As per the question sum of the 3 numbers is given to be 131

 we get,

x+y+z=131 …(1)

Also, we get that the second number is 7 more than twice the first.

Therefore

y=7+2x…(2)

again from the question we have that the z is 12 less than the x.

Thus,

z=x−12⋯(3)

Replacing in (1) we get

x+2x+7+x−12=131.

So the required equation is

4x−5=131.

For x we get

4x=136

x=136/4

x=34.

Putting in (2) and (3) we get

y=2(34) +7=75.

z=34−12=22.

Example 4: Solve the equation and find the value of x: 

3x + 25 = 31

Solution – 3x + 25 = 31

           3x = 31 – 25 

           3x = 6

           x = 6/3

          x = 2

hence, the required value of x is 2.

Conclusion:

Algebra began with arithmetic-style computations, with letters standing in for numbers. This allows for proof of qualities that are true regardless of the numbers used. In the quadratic equation,

 for example, ax2 + bx + c=0

The quadratic formula can be used to obtain the values of the unknown quantity x that satisfy the equation fast and easily. The quadratic formula can be used to quickly and easily identify the values of the unknown quantity x that satisfy the equation. a,b,c can be any numbers (except 0), and the quadratic formula can be used to quickly and easily determine the values of the unknown quantity x that fulfil the equation. To put it another way, you’re looking for all of the solutions to the problem.

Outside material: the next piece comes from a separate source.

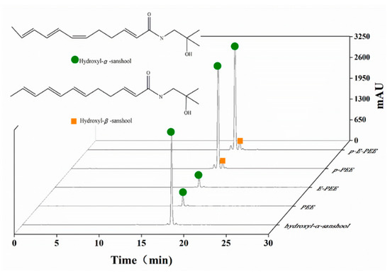External calibration curve method: The concentrations of hydroxyl-α-sanshool in PEE, E-PEE, p-PEE, and p-E-PEE are calculated based on the standard curve line of hydroxyl-α-sanshool, according to the results of HPLC detection. Then, the ratio of the calculated concentration of hydroxyl-α-sanshool, which is calculated by the method of the external calibration curve to the concentration of the configuration solution (0.5 mg/mL), is the purity of the hydroxyl-α-sanshool. The concentration of the configuration solution is determined by a certain weight extract (PEE, E-PEE, p-PEE, and p-E-PEE) dissolved in an acetonitrile–water solution.

Solving equations, such as the quadratic equation above, has traditionally and now been the first step in learning algebra. Then, more general questions like “does an equation have a solution?” are investigated. “What can be said about the nature of the answers?” and “How many solutions does an equation have?” As a result of these explorations, algebra was expanded to encompass non-numerical objects such as permutations, vectors, matrices, and polynomials. The structural properties of these non-numerical objects were eventually formalised into algebraic structures like as groups, rings, and fields.